Gene expression in clinical samples data from databases NDC80 gene expression data in non small cell lung cancer were retrieved from publicly available database. Gene expression intensities were normalized with quantile normalization. NDC80 expression between adenocarcinoma and squamous car cinoma was compared for all three different datasets. Eight genes known to associate with NDC80 were iden tified. One way hierarchical clustering analysis for adenocarcinoma and squamous carcinoma of NSCLC was conducted by using R package software. Results Hec1 inhibitor TAI 1 is highly potent with a wide anti cancer spectrum The initial small molecule hits identified by Drs. Chen in Dr. WH Lees laboratory, INH1 and INH2, had micro molar potency on cancer cell lines.

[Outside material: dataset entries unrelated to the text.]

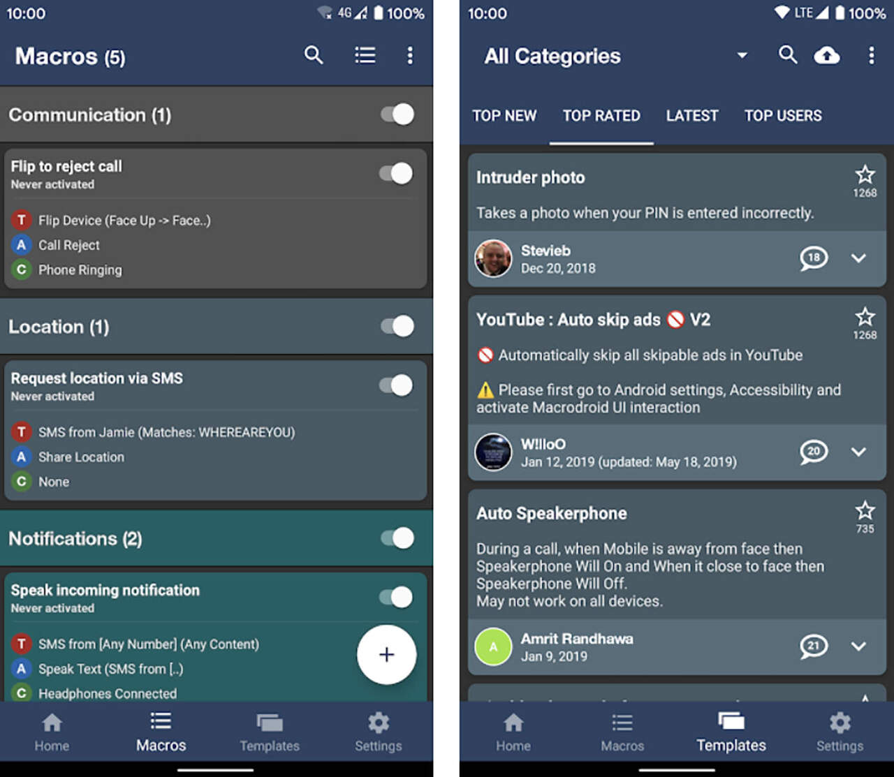 Android 기기의 일상적인 사용에 생산성을 추가하기 위해 MacroDroid는 여러 작업을 자동화하도록 에나멜을 입힙니다. 70개 이상의 트리거를 제공하여 특정 작업을 시작하고 마이크로를 잘 관리하는 데 도움이 되는 제약 조건을 구성합니다.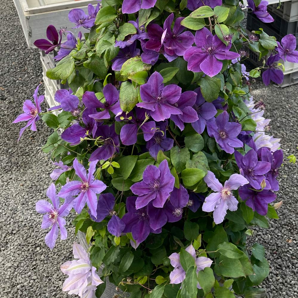 A floriferous array of luxurious, deep purple flowers with streaks of magenta down the length of each petal cover the compact, vigorous foliage over a long flowering period. These stunning perennial vines are easy to grow and incredibly rewarding, and their compact habit makes them a perfect choice for adding height to a container or planter box, filling in lush greenery in a covered porch or patio, or covering a low fence or garden art in the landscape. These beauties can even be used in a hanging basket!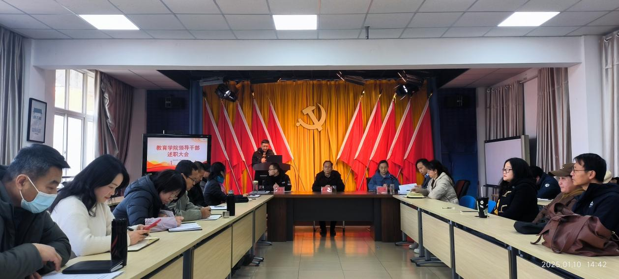 1月10日下午,教育学院2024年度领导班子和处级干部述职测评会在学院707会议室召开。校党委委员、副校长王殿元到会指导,组织部副部长吴燕主持会议,组织部干部科副科长杨建宝,教育学院领导班子及全体教职工参加会议。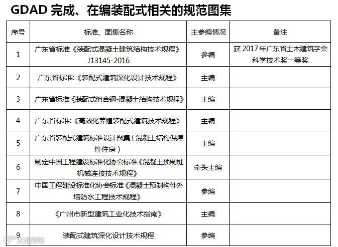 GDAD以广东省现代建筑设计工程技术研究中心(省级科研平台)为主的装配式建筑研究部门,携手多部门,积极开展装配式建筑研究与实践工作,取得了一系列成果,有效推动了省内装配式建筑产业的发展。目前,GDAD累计完成各类装配式建筑300多万平方米,并获得了多个国家级、省部级奖项;现承担相关课题研究6项,拥有装配式专利15项;主编或参编的规范图集8本;与国内建设行业多个大型企业达成战略合作,通力协作,努力推进装配式建筑发展。
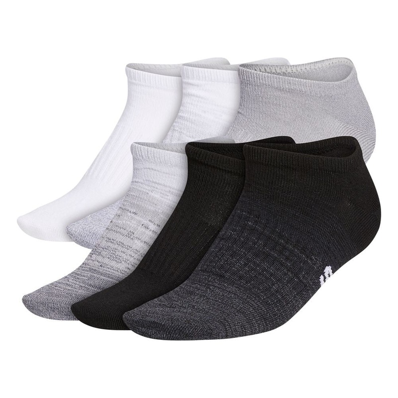 Keep your workout look low key in these women’s adidas training socks. The no-show socks are made of soft, stretchy yarn and have a lightweight, barely-there feel. They come in a pack of six.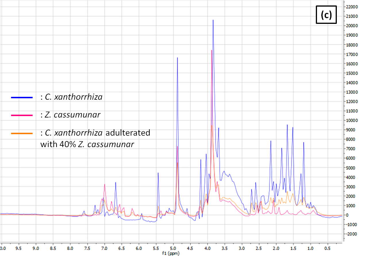 Fig. 1: 1H-NMR spectra of (a): Curcuma xanthorrhiza from different regions; (b): Curcuma xanthorrhiza and Zingiber cassumunar; (C): Curcuma xanthorrhiza, Zingiber cassumunar, and Curcuma xanthorrhiza adulterated with 40% Zingiber cassumunar

Through medicinal chemical efforts to modify the hit structure, we have significantly improved the potency of the Hec1 targeted compound selleck chemical to low nanomolar level. The new compound, TAI 1, has a GI50 of 13. 48 nM, which is close to 1000 times improvement in potency compared to INH1. To characterize the potency of the new compound, TAI 1, a series of cancer cell lines were tested. The screen includes 31 cancer cell lines, is comprise of 12 cell lines from the NCI 60 panel, and includes breast cancer, leukemia, liver, lung, colon cancer, cervical cancer, prostate cancer and bone cancer with various cellular characteristics. Growth inhibition was quantitated with established MTS assay. As summarized in Table 1, TAI 1 inhibits cellular growth at nM levels for the majority of cancer cell lines screened.

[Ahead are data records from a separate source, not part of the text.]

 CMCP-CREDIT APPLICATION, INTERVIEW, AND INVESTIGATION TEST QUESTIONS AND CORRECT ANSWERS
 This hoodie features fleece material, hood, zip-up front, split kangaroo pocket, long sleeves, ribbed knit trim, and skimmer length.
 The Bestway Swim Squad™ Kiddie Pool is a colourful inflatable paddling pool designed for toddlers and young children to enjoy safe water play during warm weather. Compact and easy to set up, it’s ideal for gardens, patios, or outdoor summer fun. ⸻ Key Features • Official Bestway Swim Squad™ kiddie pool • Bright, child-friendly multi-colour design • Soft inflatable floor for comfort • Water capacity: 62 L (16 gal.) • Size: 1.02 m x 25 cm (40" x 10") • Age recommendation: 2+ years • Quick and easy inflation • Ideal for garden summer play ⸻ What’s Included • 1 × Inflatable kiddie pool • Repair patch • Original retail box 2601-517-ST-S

To determine the activity of TAI 1 in multidrug resist ant cell lines, established MDR cell lines were tested. MES SA Dx5 and NCI ADR RES are resistant to doxorubicin and paclitaxel, FR 180204 molecular weight while K562R cells are resist ant to imatinib. TAI 1 was active in these cell lines showing nM GI50. TAI 1 targets the Hec1 Nek2 pathway and induces apoptotic cell death To confirm the mechanism of action of TAI 1, we used established methods to evaluate the interaction of Hec1 and Nek2 and the consequences of disruption of inter action of the proteins. Co immunoprecipitation study shows that TAI 1 disrupted the binding of Nek2 to Hec1 in TAI 1 treated cells. Disruption of Nek2 binding to Hec1 was shown to lead to degradation of Nek2, and this was also confirmed for TAI 1.

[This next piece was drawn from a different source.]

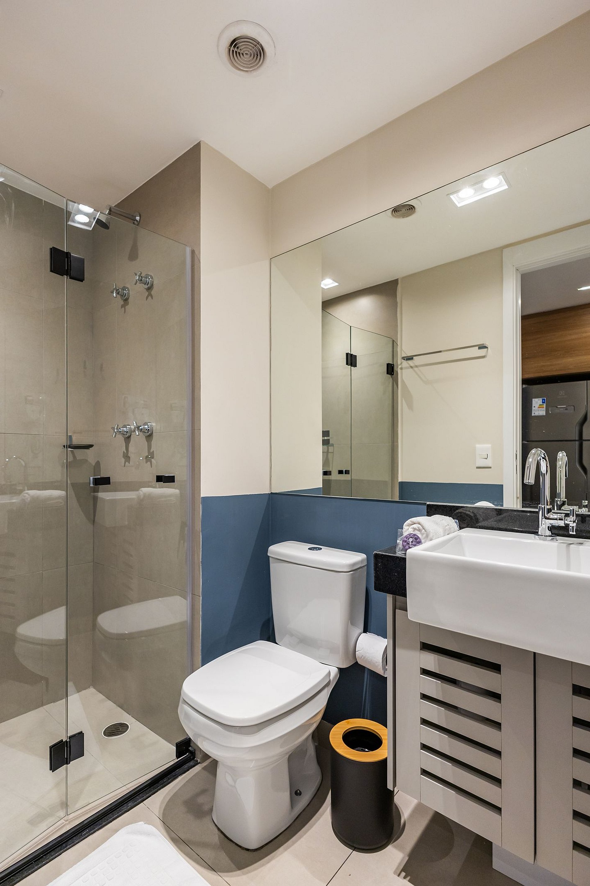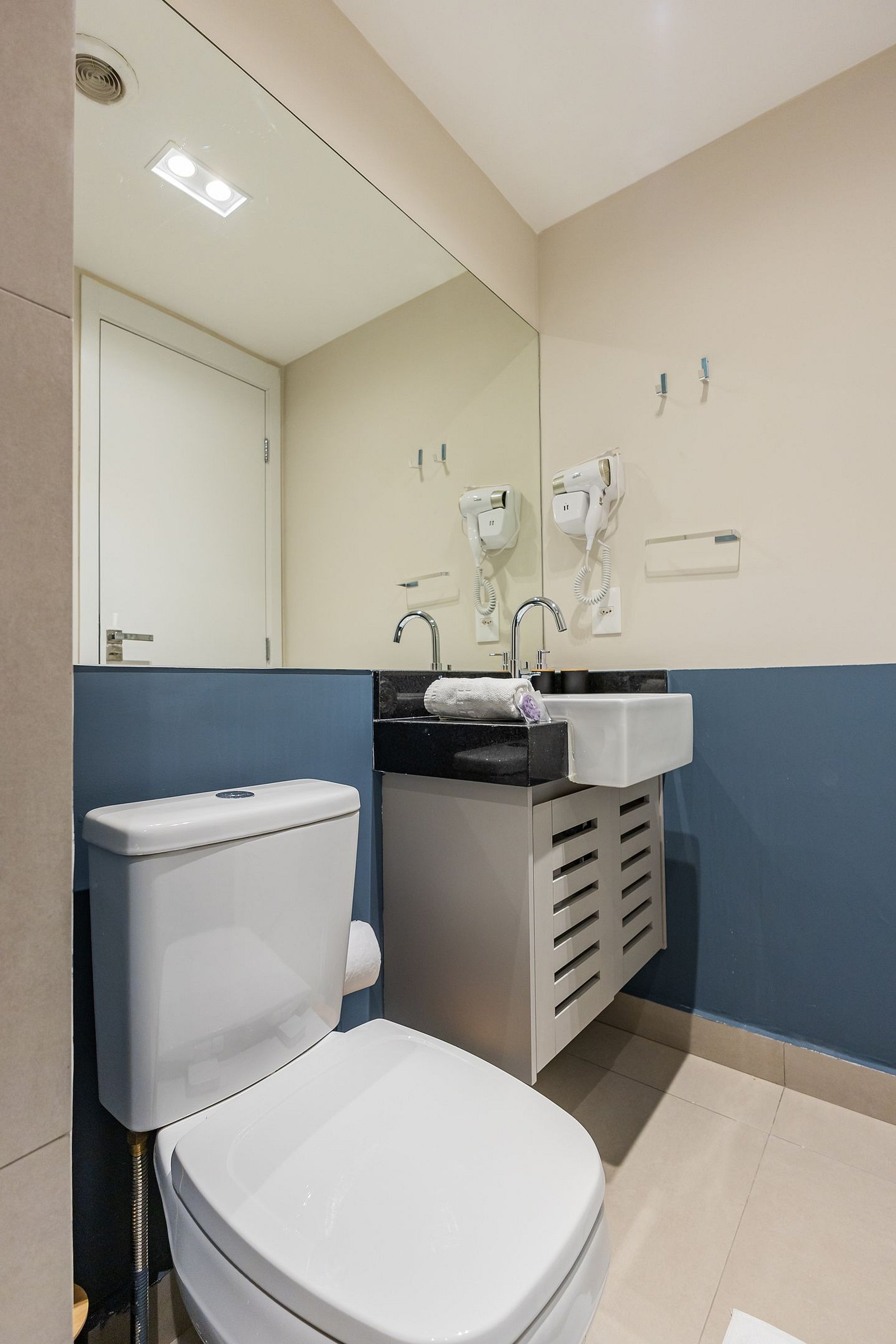 Por fim, o banheiro com secador de cabelo traz ainda mais praticidade para a sua rotina.

In addition, previous study also show that disruption of Hec1 Nek2 interaction leads to misaligned chromosomes. Treatment of cells with TAI 1 induced a time dependent increase in the proportion of cells with chromosomal misalignment in cells. These results are consistent with the phenotypic consequences of the original hit compound INH1 and show that TAI 1 targets Hec1 Nek2 interactions. The cell death pathway was evaluated with apoptotic markers. Results show that TAI 1 induces cancer cell death through the induction of cleavage of apoptotic proteins Caspase 3 and PARP and degradation of anti apoptotic proteins MCL 1 and suggests that TAI 1 leads to activation of the apoptotic pathways.